Con atto di citazione del 22.6.1985 la RAGIONE_SOCIALE ha convenuto in giudizio RAGIONE_SOCIALE Capitale dinanzi al Tribunale di RAGIONE_SOCIALE per richiedere il pagamento dell’indennità di occupazione legittima del terreno e del risarcimento dei danni conseguito alla perdita della proprietà dell’area acquisita al Comune in seguito alla realizzazione dell’opera pubblica, non seguita da provvedimento di esproprio.

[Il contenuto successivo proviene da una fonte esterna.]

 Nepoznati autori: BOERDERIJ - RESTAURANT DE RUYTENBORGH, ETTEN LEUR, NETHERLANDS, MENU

Il Tribunale di RAGIONE_SOCIALE, con sentenza n. 15353/1995, ha dichiarato la propria incompetenza funzionale sulla domanda di indennità di occupazione legittima e ha rigettato la domanda di risarcimento danni, ritenendo che, trattandosi di illecito permanente derivante dalla presenza dell’opera pubblica, mancava l’allegazione e la prova del danno.
La Corte di Appello di RAGIONE_SOCIALE, con sentenza n. 132/2002, ha accolto l’appello proposto dalla RAGIONE_SOCIALE e ha dichiarato l’intervenuta acquisizione a titolo originario da parte del Comune di una porzione di terreno di 9.472 mq a decorrere dal 22.9.1980, condannando l’ente comunale al pagamento dell’indennità di occupazione legittima e del risarcimento danni.

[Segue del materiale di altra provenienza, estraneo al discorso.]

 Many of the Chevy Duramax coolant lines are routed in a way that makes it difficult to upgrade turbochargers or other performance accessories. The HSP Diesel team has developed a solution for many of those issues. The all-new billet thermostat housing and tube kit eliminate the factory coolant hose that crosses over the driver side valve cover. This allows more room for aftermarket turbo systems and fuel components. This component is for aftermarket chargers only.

Avverso la predetta sentenza entrambe le parti hanno proposto ricorso per cassazione affidandolo a tre motivi.
Il Comune di RAGIONE_SOCIALE ha proposto ricorso incidentale, lamentando che la Corte di merito aveva erroneamente ravvisato nella fattispecie una ipotesi di acquisizione appropriativa.

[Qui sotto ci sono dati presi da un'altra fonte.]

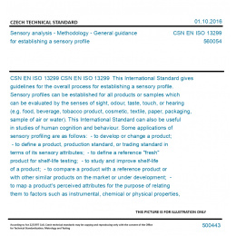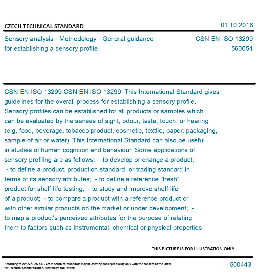 CSN EN ISO 13299 This International Standard gives guidelines for the overall process for establishing a sensory profile. Sensory profiles can be established for all products or samples which can be evaluated by the senses of sight, odour, taste, touch, or hearing (e.g. food, beverage, tobacco product, cosmetic, textile, paper, packaging, sample of air or water). This International Standard can also be useful in studies of human cognition and behaviour. Some applications of sensory profiling are as follows: - to develop or change a product; - to define a product, production standard, or trading standard in terms of its sensory attributes; - to define a reference "fresh" product for shelf-life testing; - to study and improve shelf-life of a product; - to compare a product with a reference product or with other similar products on the market or under development; - to map a product's perceived attributes for the purpose of relating them to factors such as instrumental, chemical or physical properties, and/or to consumer acceptability; - to characterize by type and intensity the off-odours or off-tastes in a sample (e.g. in pollution studies). Original English text of CSN EN Standard. The price of the Standard included all amendments and correcturs.

La Corte di Cassazione, I sez. civile, con sentenza n. 14049/2008, in accoglimento del primo motivo di ricorso incidentale, ha cassato la sentenza e ha rinviato alla Corte di Appello di RAGIONE_SOCIALE in diversa composizione, ritenendo che:
la realizzazione di un collettore di cemento, che occupava solo in parte il suolo ed il sottosuolo del fondo del privato, non costituiva un’ipotesi di occupazione acquisitiva dell’immobile, ma, limitandone le facoltà di godimento, comportava l’imposizione e l’esercizio di una servitù di fatto;
la realizzazione del collettore e il suo esercizio concretavano, dunque, un illecito comune a carattere permanente, perdurante sino alla cessazione dell’esercizio dell’opera e alla rimozione del manufatto o alla costituzione di una regolare servitù, fonte di danno in re ipsa in ragione della perdita di disponibilità del bene occupato dal manufatto, da risarcire in relazione sia ai frutti perduti, sia alla diminuzione di valore subita dall’immobile nella sua interezza, sia agli oneri e alle perdite comunque verificabili nel futuro, secondo serie probabilità connesse alla natura del bene e ad altri elementi oggettivi.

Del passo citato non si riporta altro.